Why A Relationship May Be Difficult For An Addict
An addiction is a relationship. When someone is addicted to a substance and/or a behavior, that person is in a relationship with their substance or behavior of choice, the same as if they were involved with a person. Further, the relationship with the object of their addiction is the most important relationship in his/her life. He or she will do anything to protect that relationship and keep it alive, i.e. deny it, lie about it, cover it up, minimize it, blame others, etc.
When a person with an addiction enters into a significant relationship, he or she is not entering into that relationship alone. Rather, he or she is bringing an already established important relationship into the new relationship. When someone who is in an already established significant relationship develops an addiction, he or she involves a third party in the relationship. In both of these scenarios the guiding principal of two’s company, three’s a crowd is impossible to uphold.
A relationship in which one or both individuals are engaged in an active addiction will be considered an unhealthy relationship. Having an addiction present in a relationship is having a toxin present in that relationship. Health is impossible. Addictions wreak havoc with our decision-making capacity. Inherent in the definition and understanding of addiction is that it is compulsive. Individuals with an addiction are no longer in control of their substance use or behavior. The substance use or behavior is controlling them.
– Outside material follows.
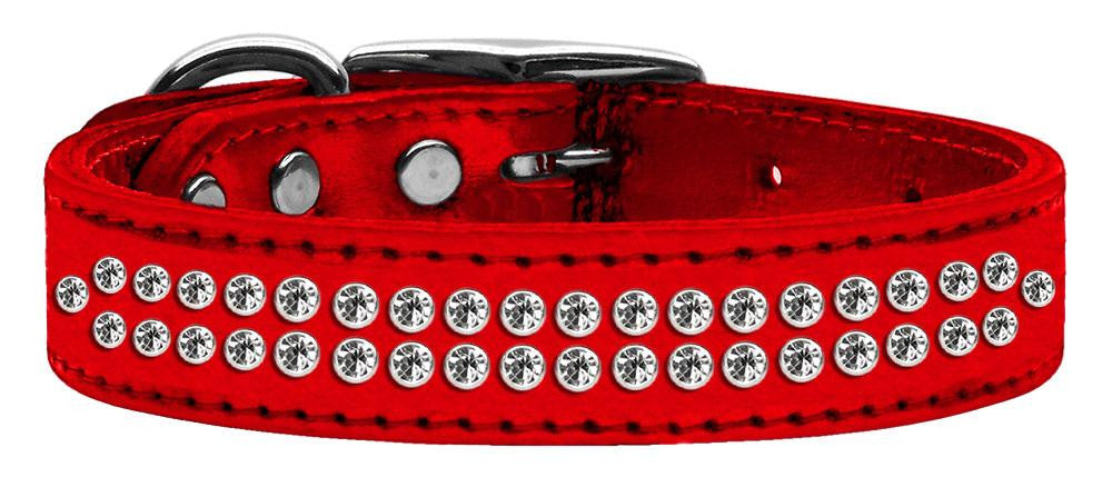 Two Row Clear Crystal Metallic Leather Red 20

Most of the behaviors which individuals become addicted to are normal, needed, natural behaviors. Once they become addictions, however, the behaviors are no longer being engaged in for the purpose they were intended. They are being engaged in excessively and compulsively for an entirely different purpose. For example, one is not working to earn a living, one is overworking to avoid feeling feelings or one does not eat to live, one lives to eat because the eating keeps emotional pain at bay. There comes a point where one crosses a line from engaging in a normal behavior to engaging in an exaggeration of a normal behavior which then becomes a rigid self-defeating pattern.
If someone has difficulty taking care of themselves, they may enter into a relationship with a compulsive caretaker and thereby avoid needing to develop this aspect of their personality. The catch though is that he/she then needs their partner to remain a caretaker. Any effort the partner may make to overcome this compulsive behavior will be discouraged if not outright sabotaged by the other person. This is not loving behavior.
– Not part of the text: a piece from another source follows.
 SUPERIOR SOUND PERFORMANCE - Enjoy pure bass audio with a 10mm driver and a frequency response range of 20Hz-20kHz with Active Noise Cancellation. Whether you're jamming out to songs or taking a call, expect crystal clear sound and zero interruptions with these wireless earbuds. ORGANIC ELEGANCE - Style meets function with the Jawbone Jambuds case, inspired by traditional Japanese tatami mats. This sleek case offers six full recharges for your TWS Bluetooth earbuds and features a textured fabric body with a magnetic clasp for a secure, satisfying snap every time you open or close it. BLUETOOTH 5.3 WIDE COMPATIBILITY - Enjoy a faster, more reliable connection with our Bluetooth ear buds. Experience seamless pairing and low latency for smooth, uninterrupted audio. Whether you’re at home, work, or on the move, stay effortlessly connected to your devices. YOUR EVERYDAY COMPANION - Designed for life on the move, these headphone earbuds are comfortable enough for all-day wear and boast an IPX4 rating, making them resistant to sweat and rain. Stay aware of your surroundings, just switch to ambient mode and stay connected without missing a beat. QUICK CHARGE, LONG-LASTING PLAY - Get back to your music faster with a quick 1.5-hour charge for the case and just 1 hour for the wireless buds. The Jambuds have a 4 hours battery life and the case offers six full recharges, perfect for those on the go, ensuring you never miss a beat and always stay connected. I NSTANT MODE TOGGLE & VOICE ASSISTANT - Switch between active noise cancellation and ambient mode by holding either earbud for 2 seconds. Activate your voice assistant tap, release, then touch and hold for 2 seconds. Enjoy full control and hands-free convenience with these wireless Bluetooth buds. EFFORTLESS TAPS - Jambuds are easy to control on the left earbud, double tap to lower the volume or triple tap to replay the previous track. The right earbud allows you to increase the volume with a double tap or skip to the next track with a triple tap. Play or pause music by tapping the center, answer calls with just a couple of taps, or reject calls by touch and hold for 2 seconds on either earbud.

A whole person is one who is independent emotionally, socially and intellectually. Emotional independence involves taking responsibility for one’s feelings. Though another person’s words or behaviors may trigger feelings of anger or sadness in us, we get angry or sad because of what is inside us. So, an emotionally independent individual takes responsibility for his/her pain and does not blame the hurt feelings on another person’s words or actions.
Social independence involves taking responsibility for developing and maintaining friendships separate from our significant other. This alleviates putting too much weight on our partner or significant relationship to fill all our needs for friendship and recreation. It is damaging to a relationship to carry this much weight. Intellectual independence means that we take responsibility for keeping our minds active and alert. We seek out new information in order to keep learning. We think for ourselves and form our own opinions. This goes a long way in keeping the relationship vibrant.
Relationships in which both partners are intellectually independent are not characterized by power struggles. Both individuals have accepted the reality that they do not have to think or feel the same way about all things. They have learned to agree to disagree. Addictions rob us of our capacity to be independent emotionally, socially and intellectually because addictions, by definition, involve dependence. To be addicted to a substance or behavior is to be dependent on that substance or behavior.
The addictive process begins with a desire to medicate or numb emotional pain. Once we find the substance or behavior that works to alleviate our pain we begin to use that substance or engage in that behavior with increasing frequency, increasing duration, increasing intensity, and increasing variety. These increases are necessary because we quickly develop tolerance. That is, we become accustomed to our substance or behavior of choice and need more of it to get the effect we want. As the addictive process progresses, the dependence grows and the capacity for emotional, social and intellectual independence diminishes.
A significant relationship by definition involves intimacy. Honesty about who you are and how you are feeling at any given time is a nonnegotiable ingredient of emotional intimacy. It goes without saying that if emotional intimacy is to develop and flourish in a relationship, each partner must be willing to fully and consistently share on a feeling level. If one or both partners are dependent on substances and/or behaviors to medicate emotional pain then feelings are deadened and emotional sharing is virtually impossible. Intimacy either is never established or, if it has been established, it vanishes.
As long as an active addiction or addictions are present in a relationship, the relationship will deteriorate. This process will likely continue until the consequences of the addiction hurt more than the fear of confronting it. When the pain of the addiction finally outweighs the fear, one or both partners are ready for recovery and then hope is finally possible.